● **Required work**: Leave out pictures; repeat exactly the lines from the "Puducherry: Total area: 290" line through the last of the data below.

● **Dataset content**:
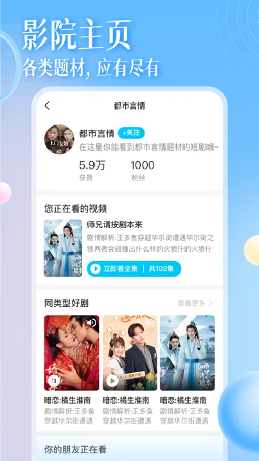 超多短剧在线观看! 重点品类,每段视频都好看! 大屏模式:全新播放体验,观看视频更为沉浸。 【轻松有收获】 畅享海量丰富短剧,你想看的这儿都有。 【好看有营养】 精彩视频超清播放,想怎么看就怎么看。 【无限新体验】 精彩短剧、短视频,更多选择,更多好看。
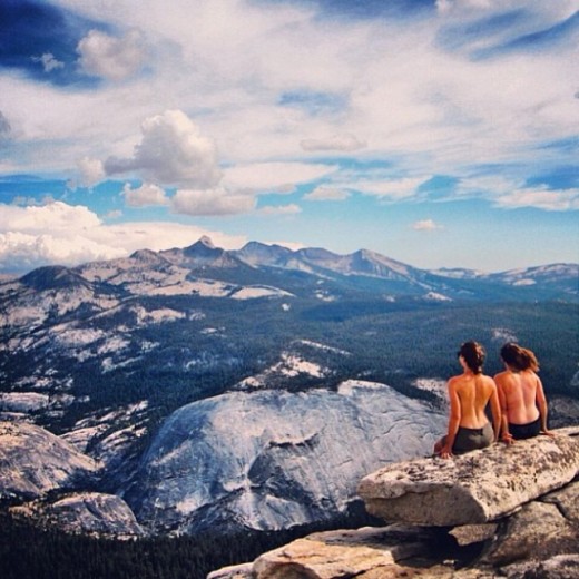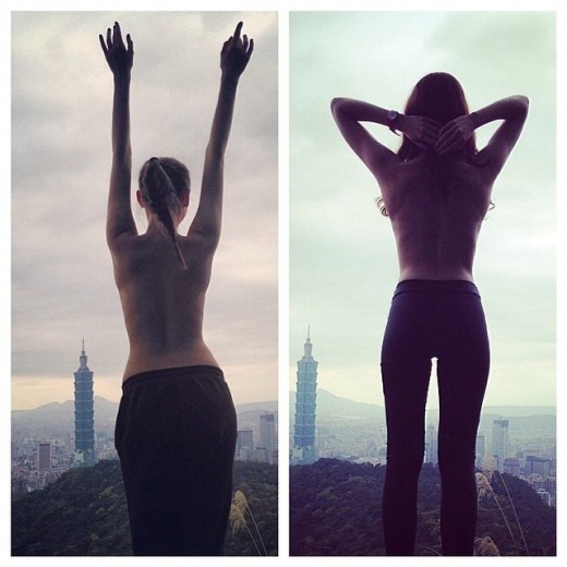 L’idea è quella di farsi immortalare in viaggio, a contatto con la natura, senza il reggiseno. Scegliendo di posizionare la macchina fotografica alle loro spalle per tenere alla larga i voyeur.
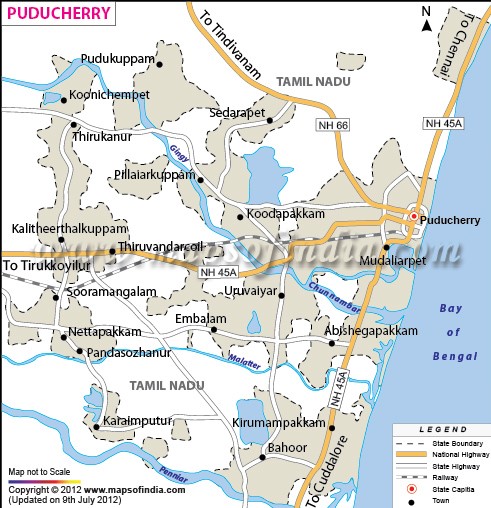 Puducherry: Total area: 290 Sq. Kms. Puducherry is bounded
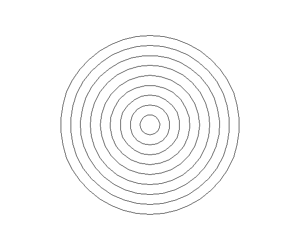 1 from turtle import* 2 3 def moveto(x,y): 4 penup() 5 goto(x,y) 6 pendown() 7 8 def main(): 9 setup(800,600) 10 11 radius=20 12 offset=20 13 14 for i in range(9): 15 moveto(0,-radius) 16 circle(radius) 17 radius+=offset 18 19 hideturtle() 20 done() 21 22 main()

● **Completed exercise**:
 Puducherry: Total area: 290 Sq. Kms. Puducherry is bounded
 1 from turtle import* 2 3 def moveto(x,y): 4 penup() 5 goto(x,y) 6 pendown() 7 8 def main(): 9 setup(800,600) 10 11 radius=20 12 offset=20 13 14 for i in range(9): 15 moveto(0,-radius) 16 circle(radius) 17 radius+=offset 18 19 hideturtle() 20 done() 21 22 main()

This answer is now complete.